Functional Abdominal Pain
- Approximately 30-50% of children with FAPD continue to have symptoms into adulthood.
- Predictors of persistence: co-existent anxiety/depression, parental reinforcement of sick-role behaviour, pain catastrophising.
- With multidisciplinary treatment, the majority achieve significant functional improvement even without complete pain resolution.
Follow-up Framework
| Timeframe | Action |
|---|---|
| Acute presentation | Safety-net advice; clear return precautions; GP/general paediatric follow-up within 1-2 weeks if not admitted |
| Recurrent / functional pain | Structured multidisciplinary review; reassess for organic cause at each visit if red flags develop |
| Chronic pain | Regular paediatric pain service review; functional outcome measures; psychological co-management |
Referral and Admission Criteria
Admit to Hospital
- Peritonism, perforation, or surgical emergency
- Bilious vomiting or suspected obstruction/volvulus
- Haemodynamic instability
- Unable to maintain oral hydration
- Intussusception requiring radiological or surgical reduction
- Neonates with any concerning abdominal signs (same-day surgical consult)

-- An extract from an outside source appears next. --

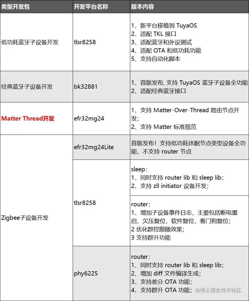 作为降低物联网开发门槛的TuyaOS ,此次迎来了重大更新(点击查看TuyaOS 往期介绍)!TuyaOS 3.7.0 新版本不仅支持多款 Matter 开发框架,帮助开发者轻松奔赴万物互联时代,还覆盖多种协议连接,能快速实现与其他开发平台的无缝接入,致力于做让开发者更省心的开发工具。

- Age <3 months with unexplained abdominal pain
Specialist Referral
| Specialty | Indication |
|---|---|
| Paediatric Surgery | Appendicitis, hernia, Meckel diverticulum, malrotation |
| Paediatric Gastroenterology | IBD, coeliac disease, H. pylori, FAPD not responding to primary management |
| Paediatric Pain Service | Chronic/recurrent pain with functional impairment; complex analgesic requirements; neuropathic pain |
| Paediatric Psychology / Psychiatry | Co-existent anxiety, depression, school refusal, family dysfunction amplifying pain |
| Dietitian | IBS (low-FODMAP), IBD, coeliac disease |
| Gynaecology | Post-menarchal females with suspected pelvic pathology, dysmenorrhoea, suspected ectopic pregnancy |
Early multidisciplinary referral is essential. Delaying psychological input until investigations are complete implicitly communicates to families that the pain is not real, worsens outcomes, and is not consistent with current RACP/evidence-based guidance.